To combat the problem, many companies are coming to rely on products that automate the process. The general consensus among IT managers who use these patch management tools is that they are well worth the investment—saving time, labor and money. But be warned: Patch management alone won’t provide a complete solution. Organizations need to combine automation with an effort to rein in the out-of-control computing environments that helped make patch deployment so complex in the first place, say IT managers and analysts.

Patch Wars

Patch deployments are often major endeavors, requiring companies to devote thousands of man-hours to manual fixes. Deploy the wrong patches, or fail to patch the right machines, and the resulting vulnerabilities can become major problems. (The SQL Slammer worm, for instance, took advantage of a flaw in Microsoft’s software that already had a patch.) A survey last year by Aberdeen Group showed that companies and government agencies worldwide are spending in excess of $2 billion annually to deal with patches. And Digex, a provider of managed Web and application hosting services, calculates the annual cost of manually managing patch deployment to be about $14,400 per server.

"[That cost is] extraordinary, and that’s just at the Microsoft level; other vendors have vulnerabilities as well," says Bobby Patrick, vice president of strategy at Digex. "It’s war out there to manage patches." And the situation is getting worse as companies get inundated with patch releases. (CERT, for example, reported 4,129 security vulnerabilities in 2002, nearly twice as many as in the previous year.)
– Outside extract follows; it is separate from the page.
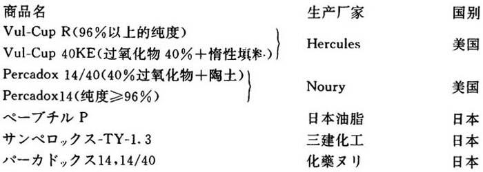 释义 | α,α-双(叔丁过氧基)二异丙苯,1,4,-双(叔丁过氧基)二异丙苯 【结构式】: 【释文】: 性质 白色结晶(纯度95%)或白色粉末(40%过氧化物+惰性填料)。分子量338。理论活性氧量9.45%。活化能151.62kJ/mol。分解温度:182℃(半衰期1min)、118~120℃(半衰期10h)。半衰期:125h(100℃)、5.2h(125℃)。熔点50℃。燃点191℃。闪点115℃。不溶水,部分溶于乙醚、氯仿、苯、己烷、四氯化碳。 用途 本品可作为聚乙烯、不饱和聚酯、硅橡胶、丁腈橡胶、乙丙橡胶和聚氨酯用交联剂。交联效率高,制品的耐热性、低温屈挠性及耐压缩变形性都较好。 毒性 本品低毒,大白鼠经口LD50为2300mg/kg体重。大白鼠和小白鼠在空气中(100mg/m3或6000ppm)吸入染毒(125F×4h)时,未见影响。本品对皮肤和眼睛的刺激性极轻。 国外生产厂 |

"It’s like drinking from a fire hose," says Eric Hemmendinger, a research director at Aberdeen. Even when a company devotes people to patch deployments, "a lot of time has to be spent on this if you want to be diligent about it," he notes.
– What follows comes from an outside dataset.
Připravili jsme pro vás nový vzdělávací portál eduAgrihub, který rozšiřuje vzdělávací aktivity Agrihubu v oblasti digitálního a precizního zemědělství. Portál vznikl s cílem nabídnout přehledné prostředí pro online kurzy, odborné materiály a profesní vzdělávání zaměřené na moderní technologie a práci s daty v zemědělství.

Patches are generally issued "in a way that’s convenient for the supplier but not necessarily for the user," Hemmendinger adds. "Supplier assessments as to whether patches are critical are judgments rendered in a vacuum; vendors don’t know what the customer is doing with their product."

Automation Opportunity

Some analysts say companies shouldn’t even consider applying patches manually. "It’s impossible. If you think about a company with thousands of desktops and hundreds of servers, manual processes don’t scale," says Gartner Research Director Mark Nicolett. "For each system, you have to look at what software is installed and understand which patches apply to that machine. It takes lots of analysis to figure out which one goes on which machine."